Me quedo pensando, reflexionando,
meditando, en el sentido de cada una de estas palabras, no utilizadas como
sinónimos sino atendiendo al real significado de cada una de ellas y llego a la
conclusión de que lo peor sería rendirse anta la tremenda avalancha de retos
que tiene la capital. Desde el más humilde de sus habitantes hasta el cachaco
de más rancio abolengo, emparentado con conquistadores y con la realeza
chibcha, debemos emprender una cruzada por la rehabilitación de Bogotá como la
capital de nuestra nación, como la Atenas sudamericana y como una de las
ciudades con mayor potencial cultural, artístico y social de este lado del
hemisferio. Varios son las problemáticas que aquejan a nuestra urbe en estos
momentos de coyuntura, depredación y angustia. Sin embrago, aún siendo
dificultades superables, la corruptela generalizada sigue carcomiendo las
instituciones y logrando lo que las guerrillas marxistas-leninistas no han
logrado en 70 años de lucha armada: deteriorar el estado colombiano, socavar
las bases sociales y destruir el sistema. Pero nadie propone el reconstruir, el
restaurar, el levantarse para mirar adelante y conquistar el futuro. Nadie.

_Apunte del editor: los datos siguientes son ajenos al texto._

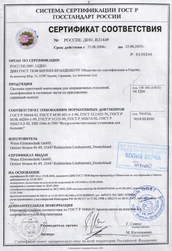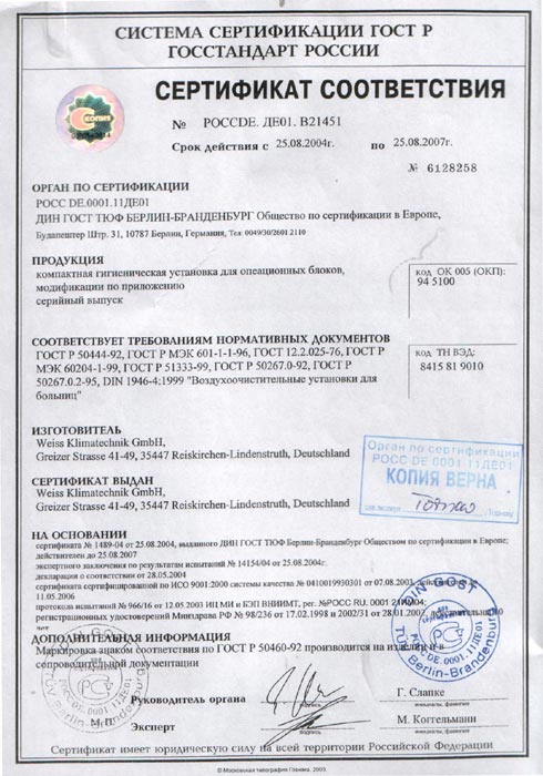 - Сертификат соответствия на системы приточной вентиляции для операционных отделений

Queda pues en nuestras manos
organizarnos, luchar contra las prácticas inmorales como el soborno y los
favores políticos, así se escape la única oportunidad de comer lechona y tomar
cerveza gratis cada dos años. Queda dejar de creerle a J. Mario Valencia y
suspender la asistencia a espectáculos en el teatro J. Mario Santodomingo,
imperturbable templo de la cultura a salvo de las infectas masas. Queda apoyar
las bibliotecas públicas y asistir a sus programas de promoción de lectura, de
escritura creativa, de cine, de danza. Queda reorganizar las juntas barriales
en pro de acciones efectivas para regular los problemas de cada comunidad y
dejar de creer en los discursos de legítimos propietarios, redomados
comerciantes y gamonales locales de nuestra sufrida capital. Existe la
imperiosa necesidad de reemplazar la palabra Nadie por la de Todos y en ese
momento, único e irrepetible, la vida tal y como nos ha correspondido hallará
un sentido diferente al de venir a sufrir en un valle de lágrimas y podría ser,
transformarse, consolidarse en una vida digna de vivir. Como Dios manda.